= Kirsti Voldnes =

Norwegian middle-distance runner

Kirsti Voldnes, married Løvnes (born 10 July 1963) is a retired Norwegian middle distance runner.

She finished eleventh in the 1500 metres at the 1979 European Junior Championships, sixth in the 800 metres at the 1980 European Indoor Championships and won the bronze medal in the 1500 metres at the 1981 European Junior Championships. She also competed at the 1981 European Indoor Championships without reaching the final. At the 1984 World Cross Country Championships she finished 75th in the individual competition and 8th in the team competition.

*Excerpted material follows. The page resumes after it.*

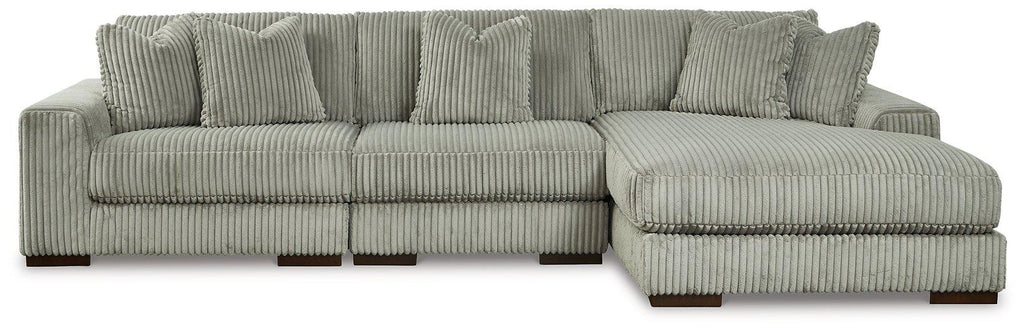 Plush and posh. Showcase your eye for on-trend texture with the statement-making cord upholstery of this sectional with chaise. Its stunningly soft fabric entices in a warm neutral hue, complementing contemporary color palettes. Sink into the cushions and plan to stay a while—this cozy living room centerpiece highlights your high-end approach to comfort and style.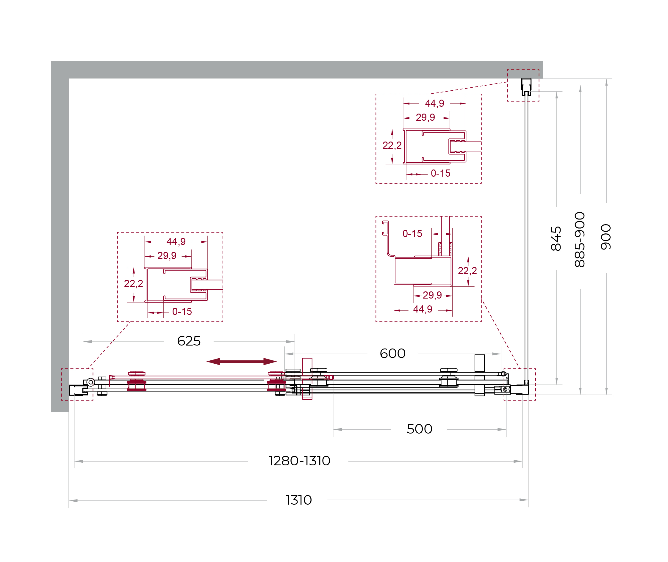 Раздвижные двери оборудованы одинарными роликами увеличенного диаметра, корпуса которых изготовлены из прочного сплава Zamak (цинко-алюминиево-магниево-медного состава) и нержавеющей стали. Такая комбинация материалов обеспечивает длительную и надежную эксплуатацию механизмов.

Voldnes competed for the Nebraska Cornhuskers track and field team in the NCAA. She later competed for the Clemson Tigers track and field team in the NCAA, placing 3rd in the 1500 m at the 1985 NCAA Division I Indoor Track and Field Championships.

Voldnes became Norwegian 800 metres champion in 1980, won the silver medal in 1981 and bronze medals in 1979 and 1983. She represented the club IK Våg. Her main competitor was Randi Langøigjelten. She is the mother of steeplechase runner Ingeborg Løvnes. In 2016, Ingeborg Løvnes won her first national championship, equalling her mother who also took one title.